▸ **Instructions for the task**
Write out only the opening lines of the entries, through the line with "形态多维评估: ⚀ 2019-07-08日-2019-09-30日显现".

▸ **Supplied records**
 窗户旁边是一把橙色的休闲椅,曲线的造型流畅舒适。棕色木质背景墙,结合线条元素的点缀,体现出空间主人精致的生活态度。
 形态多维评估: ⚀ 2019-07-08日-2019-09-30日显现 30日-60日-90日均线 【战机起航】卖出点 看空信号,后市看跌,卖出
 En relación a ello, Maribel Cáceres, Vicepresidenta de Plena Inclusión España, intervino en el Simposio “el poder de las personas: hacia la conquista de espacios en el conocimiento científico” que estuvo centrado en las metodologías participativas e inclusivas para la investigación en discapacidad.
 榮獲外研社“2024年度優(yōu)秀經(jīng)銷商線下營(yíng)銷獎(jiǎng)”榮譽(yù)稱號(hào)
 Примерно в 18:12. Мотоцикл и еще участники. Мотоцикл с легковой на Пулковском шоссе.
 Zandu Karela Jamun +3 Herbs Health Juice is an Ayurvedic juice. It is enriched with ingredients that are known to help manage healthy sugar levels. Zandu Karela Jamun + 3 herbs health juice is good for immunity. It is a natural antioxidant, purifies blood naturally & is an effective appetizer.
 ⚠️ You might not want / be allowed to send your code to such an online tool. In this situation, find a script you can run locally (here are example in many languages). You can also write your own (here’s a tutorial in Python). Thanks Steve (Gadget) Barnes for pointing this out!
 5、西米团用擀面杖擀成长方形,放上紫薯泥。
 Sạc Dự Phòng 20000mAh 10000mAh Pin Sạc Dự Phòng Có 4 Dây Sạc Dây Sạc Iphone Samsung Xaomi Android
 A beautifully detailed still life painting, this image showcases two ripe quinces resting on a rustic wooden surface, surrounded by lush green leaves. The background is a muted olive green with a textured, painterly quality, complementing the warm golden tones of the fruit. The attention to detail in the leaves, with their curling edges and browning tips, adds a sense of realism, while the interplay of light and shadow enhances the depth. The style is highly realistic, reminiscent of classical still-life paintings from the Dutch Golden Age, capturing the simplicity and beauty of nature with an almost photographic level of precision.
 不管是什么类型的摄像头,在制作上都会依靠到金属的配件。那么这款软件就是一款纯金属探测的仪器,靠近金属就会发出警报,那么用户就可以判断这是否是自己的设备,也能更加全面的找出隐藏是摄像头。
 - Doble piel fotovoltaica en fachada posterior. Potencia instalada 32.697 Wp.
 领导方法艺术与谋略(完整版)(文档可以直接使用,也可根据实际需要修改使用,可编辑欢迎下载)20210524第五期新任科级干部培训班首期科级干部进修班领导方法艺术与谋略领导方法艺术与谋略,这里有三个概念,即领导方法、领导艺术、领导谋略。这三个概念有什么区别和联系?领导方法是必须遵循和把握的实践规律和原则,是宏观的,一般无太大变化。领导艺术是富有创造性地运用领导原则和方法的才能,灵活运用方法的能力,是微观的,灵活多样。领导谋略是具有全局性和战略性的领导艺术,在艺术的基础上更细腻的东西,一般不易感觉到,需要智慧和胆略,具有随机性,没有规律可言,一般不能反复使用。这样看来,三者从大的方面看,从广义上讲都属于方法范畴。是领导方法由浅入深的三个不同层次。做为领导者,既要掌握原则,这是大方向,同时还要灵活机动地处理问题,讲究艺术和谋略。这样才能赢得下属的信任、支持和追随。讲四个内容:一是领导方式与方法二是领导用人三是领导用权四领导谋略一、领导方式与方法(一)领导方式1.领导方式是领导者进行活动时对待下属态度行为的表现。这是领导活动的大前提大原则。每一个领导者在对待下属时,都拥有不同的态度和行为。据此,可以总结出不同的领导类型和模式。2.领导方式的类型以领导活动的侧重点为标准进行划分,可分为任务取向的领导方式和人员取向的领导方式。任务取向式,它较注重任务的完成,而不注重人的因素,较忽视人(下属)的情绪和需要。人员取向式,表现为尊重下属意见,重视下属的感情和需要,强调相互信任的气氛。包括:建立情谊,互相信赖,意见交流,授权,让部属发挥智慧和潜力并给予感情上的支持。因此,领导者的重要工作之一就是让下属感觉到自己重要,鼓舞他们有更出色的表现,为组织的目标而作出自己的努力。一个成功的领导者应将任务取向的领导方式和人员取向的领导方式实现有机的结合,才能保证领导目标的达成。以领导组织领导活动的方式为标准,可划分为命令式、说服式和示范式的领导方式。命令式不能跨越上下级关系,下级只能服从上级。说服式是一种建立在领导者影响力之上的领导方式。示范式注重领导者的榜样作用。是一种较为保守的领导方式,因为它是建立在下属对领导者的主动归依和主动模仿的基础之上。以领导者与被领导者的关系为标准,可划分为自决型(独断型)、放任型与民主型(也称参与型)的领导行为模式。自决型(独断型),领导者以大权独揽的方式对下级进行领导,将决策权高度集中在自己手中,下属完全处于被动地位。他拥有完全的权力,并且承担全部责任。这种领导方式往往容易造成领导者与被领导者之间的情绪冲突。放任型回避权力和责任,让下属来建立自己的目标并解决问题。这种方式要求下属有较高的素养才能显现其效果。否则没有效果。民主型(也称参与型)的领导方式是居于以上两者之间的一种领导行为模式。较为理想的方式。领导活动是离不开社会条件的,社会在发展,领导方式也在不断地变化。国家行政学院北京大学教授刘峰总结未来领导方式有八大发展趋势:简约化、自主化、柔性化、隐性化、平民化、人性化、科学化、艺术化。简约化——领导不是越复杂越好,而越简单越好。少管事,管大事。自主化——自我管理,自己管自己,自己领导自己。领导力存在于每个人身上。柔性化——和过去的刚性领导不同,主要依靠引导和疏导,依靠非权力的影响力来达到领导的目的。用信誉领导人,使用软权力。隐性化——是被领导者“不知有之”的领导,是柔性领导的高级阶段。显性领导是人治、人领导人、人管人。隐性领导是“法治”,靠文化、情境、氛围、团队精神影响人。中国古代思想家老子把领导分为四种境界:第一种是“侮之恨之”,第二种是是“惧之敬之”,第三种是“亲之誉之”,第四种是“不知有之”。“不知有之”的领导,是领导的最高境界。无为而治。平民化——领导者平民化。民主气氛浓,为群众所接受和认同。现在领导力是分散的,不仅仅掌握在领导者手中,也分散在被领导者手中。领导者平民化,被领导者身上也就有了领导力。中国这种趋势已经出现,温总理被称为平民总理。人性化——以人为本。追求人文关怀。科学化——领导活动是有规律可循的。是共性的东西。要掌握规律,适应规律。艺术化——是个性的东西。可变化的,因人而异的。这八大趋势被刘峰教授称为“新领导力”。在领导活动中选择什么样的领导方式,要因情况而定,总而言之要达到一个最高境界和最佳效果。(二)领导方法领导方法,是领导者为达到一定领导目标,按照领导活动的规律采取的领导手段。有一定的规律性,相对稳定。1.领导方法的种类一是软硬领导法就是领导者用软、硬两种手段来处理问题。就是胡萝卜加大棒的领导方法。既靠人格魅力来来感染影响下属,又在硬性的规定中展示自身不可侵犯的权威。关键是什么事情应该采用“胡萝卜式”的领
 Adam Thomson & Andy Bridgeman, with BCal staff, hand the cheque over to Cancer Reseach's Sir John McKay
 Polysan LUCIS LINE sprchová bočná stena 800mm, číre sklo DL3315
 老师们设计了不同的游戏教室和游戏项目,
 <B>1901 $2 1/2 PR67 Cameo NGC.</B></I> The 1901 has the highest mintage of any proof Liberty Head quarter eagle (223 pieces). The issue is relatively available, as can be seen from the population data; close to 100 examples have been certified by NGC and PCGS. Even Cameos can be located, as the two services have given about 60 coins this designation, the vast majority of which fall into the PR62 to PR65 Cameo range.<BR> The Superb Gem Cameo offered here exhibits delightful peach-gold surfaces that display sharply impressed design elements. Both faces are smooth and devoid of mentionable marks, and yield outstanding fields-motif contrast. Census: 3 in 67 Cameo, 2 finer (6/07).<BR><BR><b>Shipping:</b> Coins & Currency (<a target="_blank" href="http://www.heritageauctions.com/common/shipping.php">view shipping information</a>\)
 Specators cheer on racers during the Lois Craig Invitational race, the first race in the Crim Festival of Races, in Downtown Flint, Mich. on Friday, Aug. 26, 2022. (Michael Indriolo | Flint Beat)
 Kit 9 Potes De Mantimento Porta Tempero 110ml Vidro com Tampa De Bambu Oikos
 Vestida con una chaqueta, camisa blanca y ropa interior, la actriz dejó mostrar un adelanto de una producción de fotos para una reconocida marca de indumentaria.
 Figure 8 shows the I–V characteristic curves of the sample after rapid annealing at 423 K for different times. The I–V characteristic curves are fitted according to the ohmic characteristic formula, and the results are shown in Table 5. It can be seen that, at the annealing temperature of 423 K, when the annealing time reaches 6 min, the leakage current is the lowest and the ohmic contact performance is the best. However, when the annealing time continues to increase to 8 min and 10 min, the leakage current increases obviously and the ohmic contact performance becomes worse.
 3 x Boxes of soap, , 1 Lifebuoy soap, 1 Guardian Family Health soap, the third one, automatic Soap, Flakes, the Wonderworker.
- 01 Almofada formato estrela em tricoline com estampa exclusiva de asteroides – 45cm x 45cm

▸ **Completed exercise**
 窗户旁边是一把橙色的休闲椅,曲线的造型流畅舒适。棕色木质背景墙,结合线条元素的点缀,体现出空间主人精致的生活态度。
 形态多维评估: ⚀ 2019-07-08日-2019-09-30日显现 30日-60日-90日均线 【战机起航】卖出点 看空信号,后市看跌,卖出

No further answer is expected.